Canal+ était poursuivi par le Comité national contre le tabagisme (CNCT), une association qui lutte comme son nom l'indique contre le tabagisme. Selon la loi Evin, toute publicité pour le tabac ou l'alcool est interdite en France sauf certaines exceptions (liées au terroir, etc.). Or, la Formule 1 était une grosse consommatrice de l'argent des cigarettiers et des alcooliers.
Jusqu'en 2021, "Mission WinNow" (groupe Philip Morris) apparaissait sur les monoplaces Ferrari. D'autres marques étaient apparues à l'écran lors de la diffusion en direct, mais également en différé et en replay des Grands Prix de F1.
Intérêts du spectateur versus loi Evin
La position de Canal+ est délicate car le groupe récupère les images du diffuseur officiel de la Formule 1. Arguant de sa bonne foi, elle a tout de même été reconnue coupable par le Tribunal selon l'AFP, mais sur une période restreinte, en gros décembre 2021. Depuis, Canal+ met tout en oeuvre pour ne plus faire apparaître les marques qui ne sont pas forcément des marques de cigarettes mais font partie de l'écosystème des cigarettiers et sont donc considérées comme de la publicité indirecte, qui tombe sous le coup de la loi.
Canal+ a été condamné à verser 25 000 euros de dommages et intérêts au CNCT et à régler 10 000 € de frais d'avocats. Le Tribunal l'a également condamnée à 30 000 € d'amende avec sursis.
Pour Canal+ comme d'autres diffuseurs, cette année se pose aussi la question épineuse des sociétés de casinos et/ou de crypto-monnaies. Alfa Romeo a signé un contrat de sponsoring avec une société de casino en ligne, interdite en France. Dès lors, montrer la marque peut relever de la publicité. Flouter en direct les logos se fait, mais n'est pas simple. Et lors des interviews avec les pilotes, on imagine bien les journalistes de Canal+ mettre du papier collant sur les combinaisons des pilotes, ou les cadrer en gros plan sur la tête (sans casquette...).

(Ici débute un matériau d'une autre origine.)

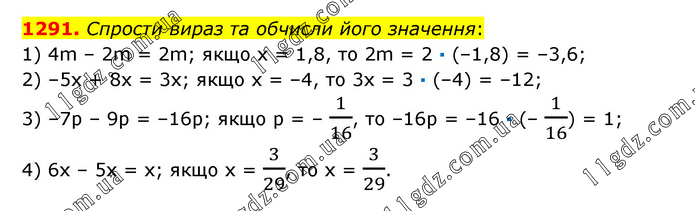 Спрости вираз та обчисли його значення: 1) 4m – 2m = 2m; якщо х = 1,8, то 2m = 2 · (–1,8) = –3,6; 2) –5x + 8x = 3x; якщо x = –4, то 3x = 3 · (–4) = –12; 3) –7p – 9p = –16p; якщо p = – 1/16, то –16p = –16 · (– 1/16) = 1; 4) 6х – 5х = х; якщо х = 3/29, то х = 3/29.
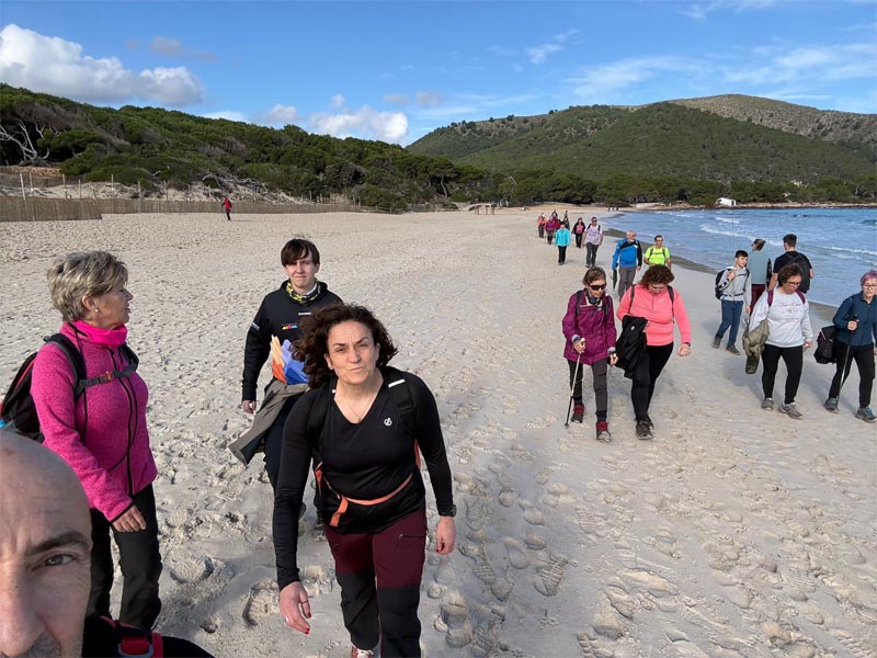 Per tornar a Cala Agulla, voltaren el puig de s’Àguila per la vessant sud, arribant al camí del coll de Marina, ja prop de la platja de Cala Moltó. Tornàrem a travessar la platja de Cala Agulla, ara amb més gent que passejava (inclús algú que nedava) i de tornada als cotxes finalitzaren la darrera caminada del grup del 2025.
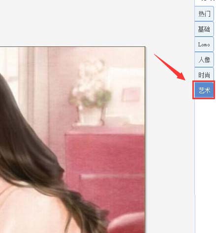 4、打开图片后在右侧找到艺术选项,如图所示:
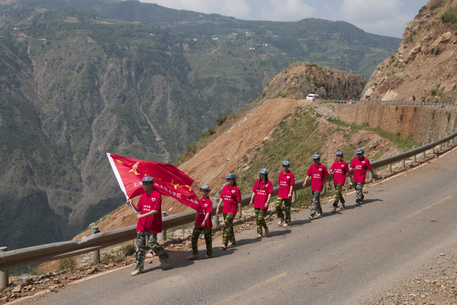 来到皎平渡大桥的山路,师生们为了深刻体验当年红军长征的不易,换上了草鞋,开始了重走长征路。虽然山路蜿蜒崎岖,一路由于下雨,多处塌方给本次行程带来了重重的困难与挑战。但公路上的牧羊人,时不时窜出的小动物以及美丽的自然风光不断激励着大家不忘初心,继续前行。在徒步10余个小时的长征路中,同学们途径云南皎平渡和四川大凉山等地,都留下了他们的足迹和汗水,同时更是被革命先烈的精神和气节所打动,深刻体会到了红军在当时艰苦的条件下,面对敌人的围追堵截,选择长征这一战略大转移的不易。
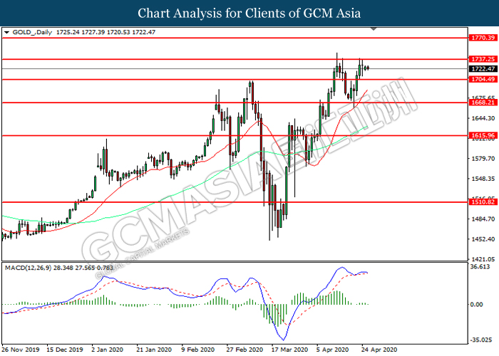 Bagi pasaran komoditi, harga minyak mentah telah melanjutkan kerugiannya sebanyak 0.38% ke $15.82 se tong semasa penulisan. Pasaran minyak mentah telah didagang dengan lebih rendah pada hari ini susulan dengan para pelabur khuatir bahawa kapasiti untuk simpanan minyak mentah adalah tidak mencukupi, yang meningkatkan kebimbangan bahawa pemotongan bekalan minyak mentah adalah tidak cukup effisien untuk menyelesaikan masalah kekurangan permintaan bagi minyak mentah. Sebaliknya, harga emas telah menyusut sebanyak 0.34% ke $1722.65 se troy auns susulan dengan peningkatan sentimen selera risiko dalam pasara FX. Para pelabur menjangkakan bahawa Bank Pusat Global akan terus meringankan dasar monetari dan dasar fiskal untuk memberangsangkan perkembangan ekonomi di dunia.
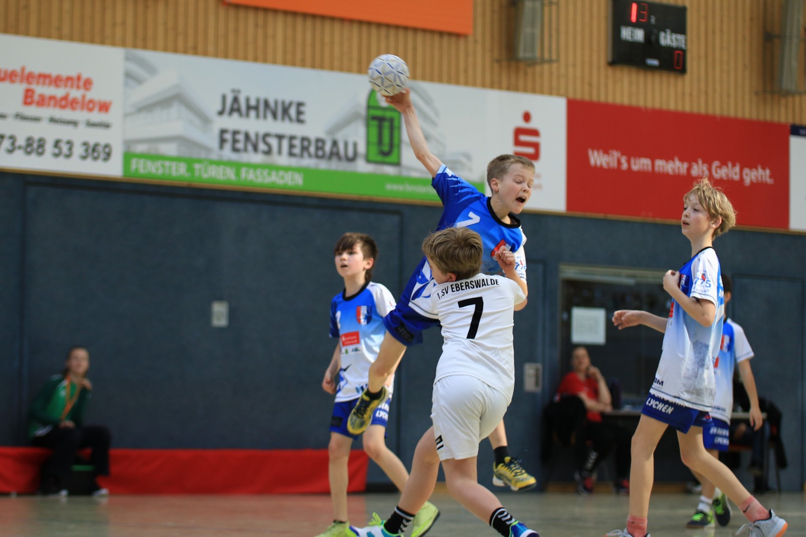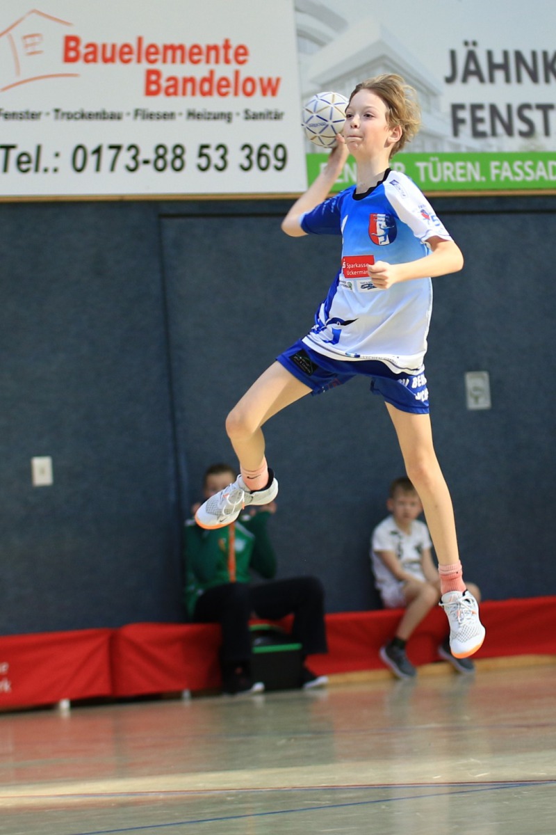 Die Jungen der E-Jugend hatten beim Heimspiel gegen den 1. SV Eberswalde II beim 40:7 keine Mühe. Die Mannschaft agierte auch in der Abwehr sehr effektiv, sodass die Gäste beim 21:0 sogar ohne eigenen Torerfolg in die Halbzeitpause gingen. Am häufigsten trafen Bohdan Bradulin (14) und Jona Terlitzki (10).
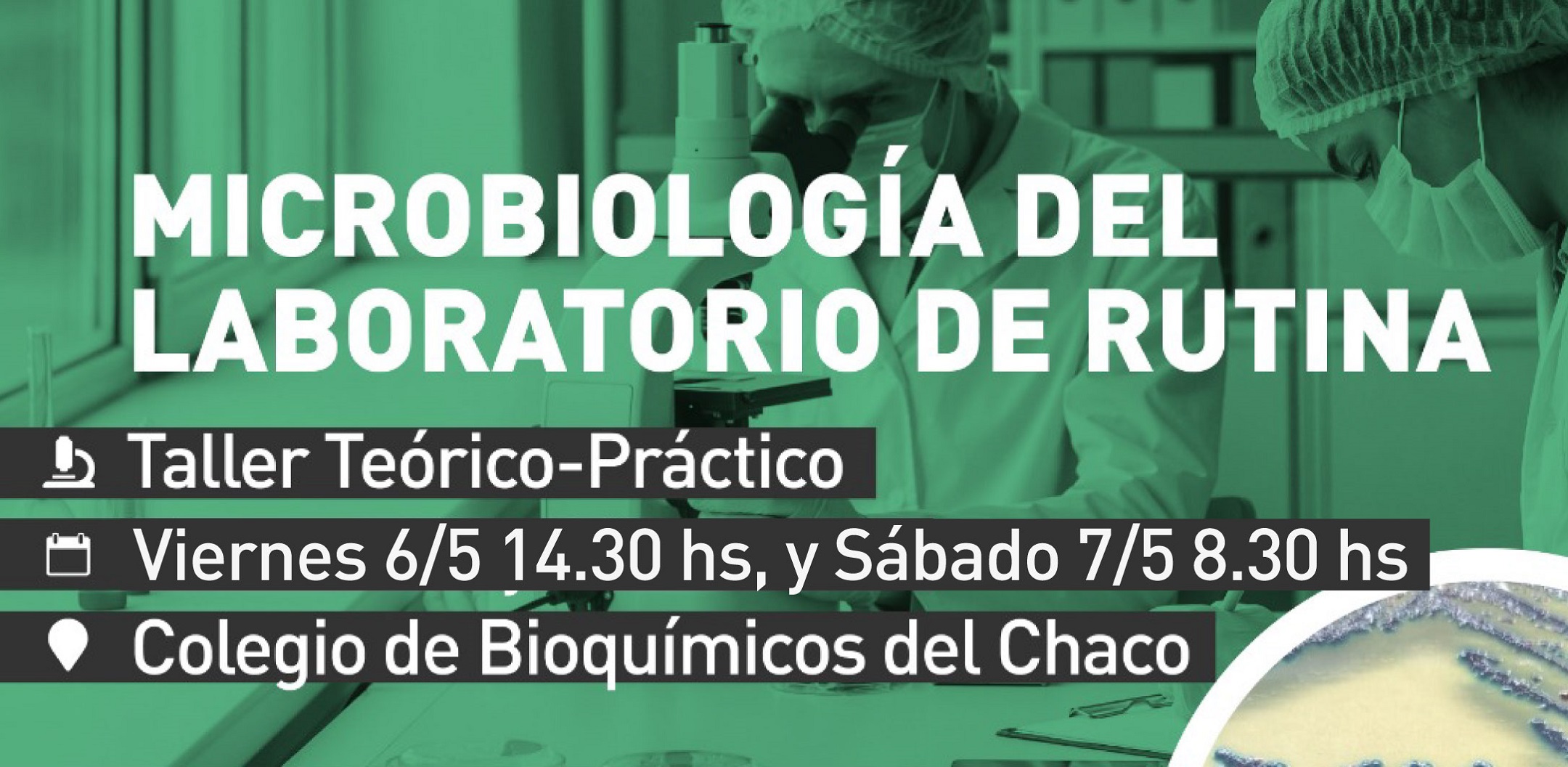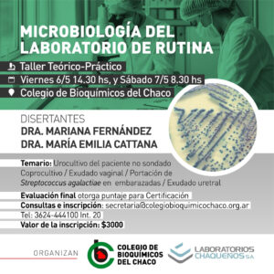 El Colegio de Bioquímicos del Chaco invita a los profesionales a participar de este Taller Teórico- Práctico a realizarse los días viernes 6 y sábado 7 de mayo próximo en las instalaciones de su sede.

La difficile application de la loi Evin à la télévision
La loi Evin (de son auteur Claude Evin) date du 10 janvier 1991. Elle interdit la publicité pour différents produits. Néanmoins, elle a posé rapidement des soucis aux télévisions qui diffusaient des événements en direct depuis l'étranger. Ces pays n'interdisant pas la publicité pour l'alcool ou le tabac, les retransmissions en direct comportaient ces logos et autres.
Le Conseil supérieur de l'audiovisuel (CSA, devenu ARCOM) a rapidement saisi les tribunaux ou menacé de le faire, face à des diffusions de rugby ou de football. Pour la F1, cela devenait très problématique puisque outre les circuits, les voitures étaient bardées de publicités interdites en France.
Amendement F1
Cela mettait en confrontation directe deux notions entre la loi Evin, et la directive CEE dite « Télévision sans frontières » qui a été transposée en droit français. Cette directive protège le droit du spectateur à l'information. La "télévision sans frontières" considère que ce n'est pas de la publicité que de montrer une marque s'il n'y a pas de rémunération ou de contrepartie. En France, il aura tout de même fallu attendre 1995 et un amendement à la loi dit "amendement F1" pour que les retransmissions en direct ne tombent plus sous le coup de la loi Evin.
Ce n'est pas la première fois que le CNCT attaque Canal+. Déjà en 2011, l'association avait attaqué la chaine pour la diffusion, lors d'un match de tennis en Suisse d'une publicité pour une marque de cigare. Déjà là, Canal+ arguait qu'il ne produisait pas les images, mais en achetait les droits pour les diffuser en direct.